This research also attempts to find answers to the following research questions:

1.
Can we build technology that provides multiple visual learning contexts for learning multiple words from one picture?
2.
Can we develop a support system that will provide visual cues to highlight the word to be learned which can be related to visual mnemonics?
3.
Can we apply learning analytics to learning vocabulary with the context-vs- without learning context?
4.
Can we use one picture to learn multiple vocabularies?
5.
Can we use learning analytics and knowledge graph to map a learner’s prior vocabulary knowledge in order to recommend new vocabulary to be learned?

2 Literature Review

In recent years, the successful application of deep neural networks to computer vision and natural language processing tasks have inspired many AI researchers to explore new research opportunities at the intersection of these previously separate domains [9]. Caption generation models have to balance an understanding of both visual cues and natural language. In this present work, we used automatic image captioning technology to generate learning contexts from images.

2.1 Google’s Image2Text

Google’s Image2Text system is a real-time captioning system that generates human-level natural language description for any input image. In this model, a sequence-to-sequence recurrent neural networks (RNN) model for image caption generation. This system also enables users to detect salient objects in an image, and retrieve similar images and corresponding descriptions from a database [10].

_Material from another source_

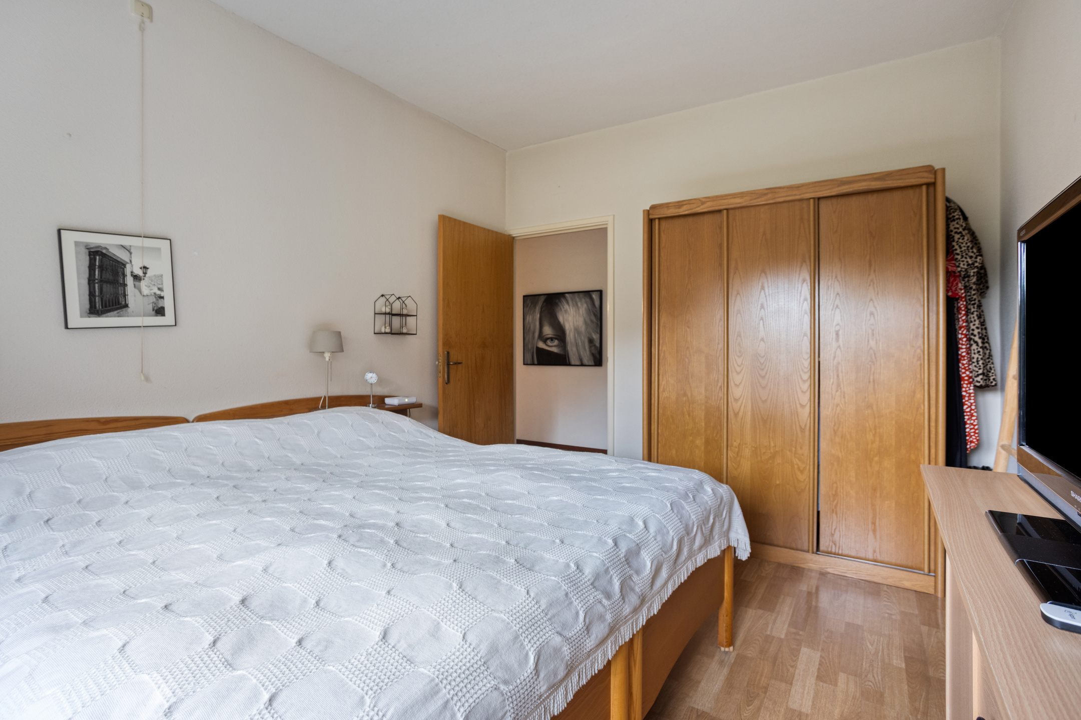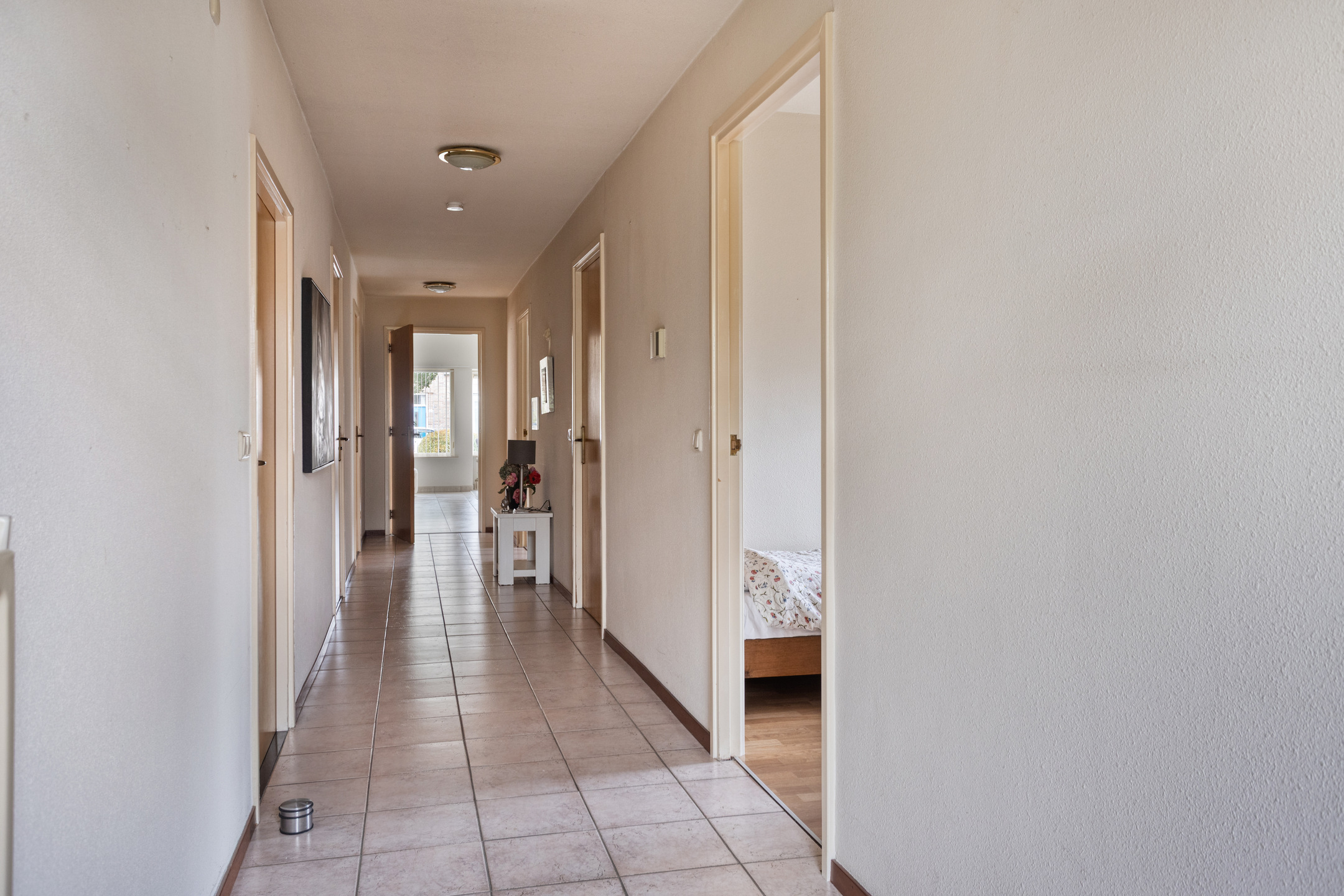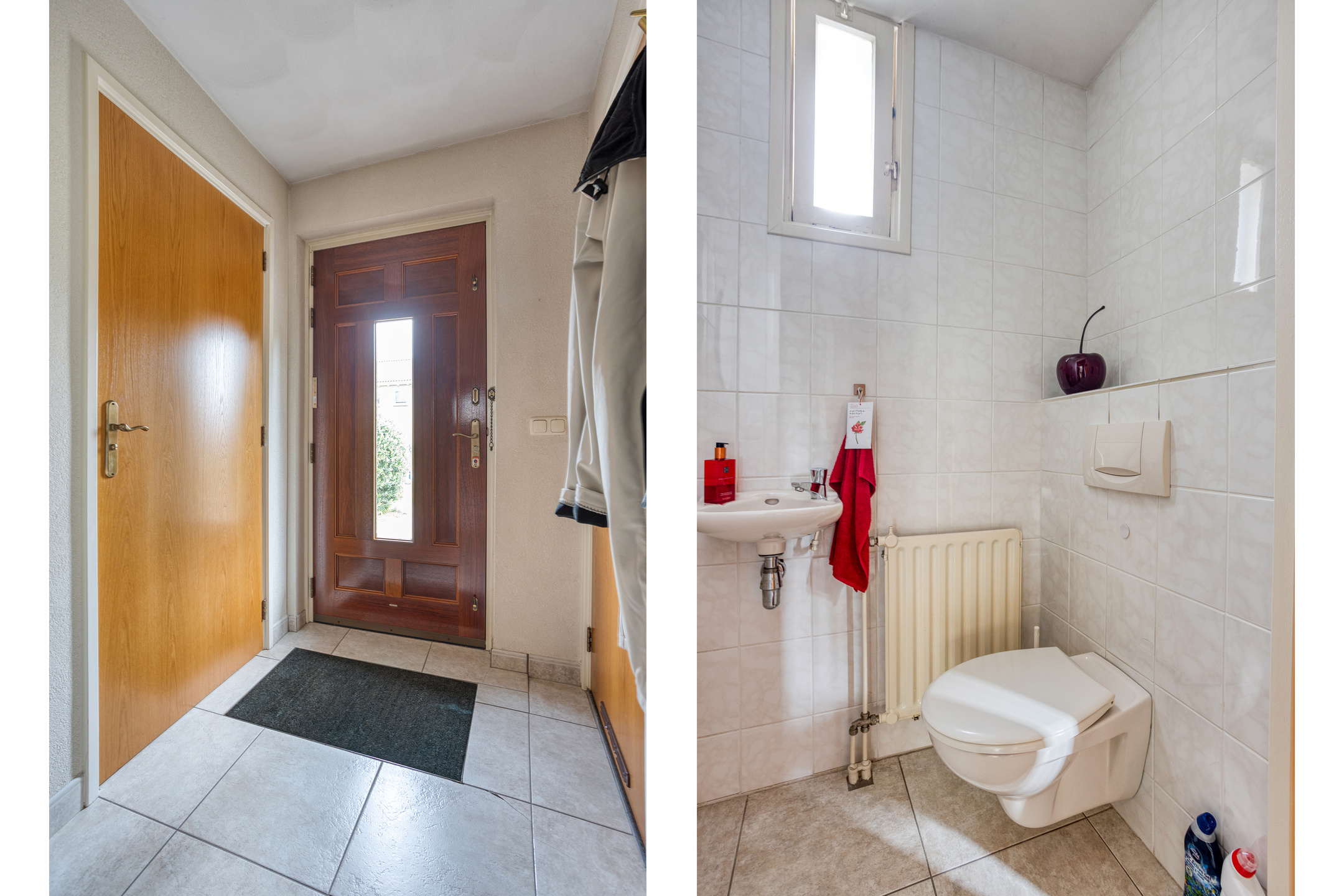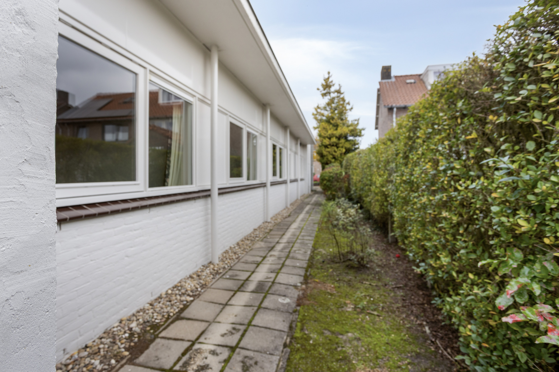 De hal geeft toegang tot de maar liefst 4 royale lichte slaapkamers, de moderne badkamer, de praktische bijkeuken met was voorzieningen en een berging. De moderne badkamer is uitgerust met een inloopdouche, ligbad, wastafel en tweede toilet. Alles is gelijkvloers, wat het wooncomfort aanzienlijk vergroot. Aan het einde van de hal geeft een deur toegang tot het terras achter de woning. Vanuit de berging heeft u toegang tot de inpandige garage, ideaal voor het stallen van de auto, fietsen of als hobbyruimte. In de berging bevindt zich de toegang naar de ruimte waar de CV-ketel is geplaatst.

2.2 O’Reilly-Show and Tell

O’Reilly-Show and Tell Model is an image caption generation models combine advances in computer vision and machine translation to produce realistic image captions using neural networks. These models are trained to maximize the likelihood of producing a caption given an input image and can be used to generate novel image descriptions [9].

2.3 Deep Visual

Deep visual is a model that generates natural language descriptions of images and their regions. The deep model leverages datasets of images and their sentence descriptions for learning the intermodal correspondences between language and visual data [11]. This caption descriptor model is capable of producing state of the art results on Flickr8K [12], Flickr30K [13] and MSCOCO [14] datasets.

2.4 Microsoft Cognitive API

Microsoft Cognitive API for images’ visual content analysis is an API (Application Program Interface) that returns features about visual contents found in a natural image. This API, in order to identify contents and label uses tagging, domain-specific models and descriptors [15].

We have found several recognized models and APIs that generates texts and sentences from images. Most of the studies using this technology are carried out for NLP applications, explaining frame-by-frame video clips, social media such as Facebook where faces are inferred directly from images, computer vision, robotics, machine learning etc. We have not found many recognized studies on building educational technology using this promising technology. Therefore, we aimed to use this technology to solute a recognized problem in language learning namely learning contexts generation in informal learning.

3 Overview of the Research

3.1 Background and Motivation

While previous research indicates that most of the vocabulary is learned from context [7] particularly for recalling learned vocabulary but describing learning context for each word is difficult. To begin with, we analyzed a dataset that contains ubiquitous learning logs. The aim of the analysis was to observe whether or not leaners of foreign language have difficulties in describing learning contexts while learning via ubiquitous learning tool. Therefore, we analyzed SCROLL (System for Capturing and Reminding of Learning Logs) dataset [16]. a dataset that consists of foreign language learners lifelong learning experiences (i.e. lifelogs). Logs are chronologically collected from a context-aware ubiquitous language learning system called SCROLL [16].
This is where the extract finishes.